The picker works well across both monotone and multicolor sets.

![Material Design icons example](assets/docs/icon-picker-modal-icons-demo-material-design-icons-iconset-example.png)
![Fluent UI System Color icons example](assets/docs/icon-picker-modal-icons-demo-fluent-ui-system-color-icons-iconset-example.png)
![Emoji One icons example](assets/docs/icon-picker-modal-icons-demo-emoji-one-icons-iconset-example.png)
![Stickies color icons example](assets/docs/icon-picker-modal-icons-demo-stickies-color-icons-iconset-example.png)

### 5. Edit and customize the selected icon

Once an icon is selected, the field shows the chosen icon in the entry form and exposes an edit action for further adjustments.

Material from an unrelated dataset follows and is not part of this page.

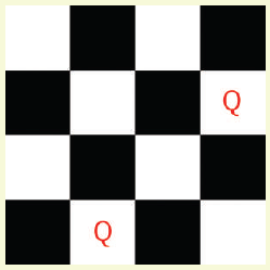Here is a famous chess-based puzzle. From its current position, a Queen piece can move along the horizontal, vertical or diagonal. Place 4 Queens such that no 2 queens attack each other. For example, the arrangement below is not valid as the queens are in the line of attack of each other.

![Field input with selected icon and color](assets/docs/icon-custom-field-input-with-selected-icon-and-color.png)
![Edit button on field input](assets/docs/icon-custom-field-input-edit-button.png)

The edit modal includes:

- live preview
- visual color picker
- hex input
- icon name and raw SVG editing controls
- download actions for exported assets

![Icon edit modal](assets/docs/icon-picker-edit-modal.png)
![Visual color picker](assets/docs/icon-picker-edit-modal-color-picker.png)

## Stored value shape

Depending on configuration, IconHub stores some or all of the following fields:

```ts
type IconFieldValue = {
  iconName: string | null;
  iconData: string | null;
  width: number | null;
  height: number | null;
  color?: string | null;
  isSvgEditable?: boolean;
  isIconNameEditable?: boolean;
};
```

## Frontend rendering

### Render from `iconName`

Use this when you want Iconify to resolve the icon on the frontend:

```tsx
import { Icon } from '@iconify/react';

type IconValue = {
  iconName: string | null;
  width: number | null;
  height: number | null;
  color?: string | null;
};

export function IconFromName({ value }: { value: IconValue }) {
  if (!value.iconName) return null;

  return (
    <Icon
      icon={value.iconName}
      width={value.width ?? 24}
      height={value.height ?? 24}
      color={value.color ?? undefined}
    />
  );
}
```

### Render from `iconData`

Use this when you want full control over the SVG and do not want runtime icon lookups:

```tsx
type IconValue = {
  iconData: string | null;
  width: number | null;
  height: number | null;
  color?: string | null;
};

export function IconFromSvg({ value }: { value: IconValue }) {
  if (!value.iconData) return null;

  return (
    <svg
      width={value.width ?? 24}
      height={value.height ?? 24}
      viewBox={`0 0 ${value.width ?? 24} ${value.height ?? 24}`}
      style={{ color: value.color ?? undefined }}
      dangerouslySetInnerHTML={{ __html: value.iconData }}
    />
  );
}
```

## Development

Useful local commands:

```bash
npm run build
npm run watch
npm run watch:link
npm run verify
npm run docs:sync-media
npm run docs:readme
```

Type-checking can be run directly with `tsc`:

```bash
npx tsc -p admin/tsconfig.json --noEmit
npx tsc -p server/tsconfig.json --noEmit
```

## Documentation assets

Documentation images and videos are stored in `assets/docs/`. Update `README.source.md`, sync changed assets to Cloudinary, then regenerate the published README:

```bash
npm run docs:sync-media
npm run docs:readme
```

The Cloudinary sync script uploads only changed README assets, stores their content hashes in `docs/readme-media-manifest.json`, and lets `README.md` use Cloudinary delivery URLs for marketplace-safe media rendering. Unsynced assets fall back to jsDelivr URLs.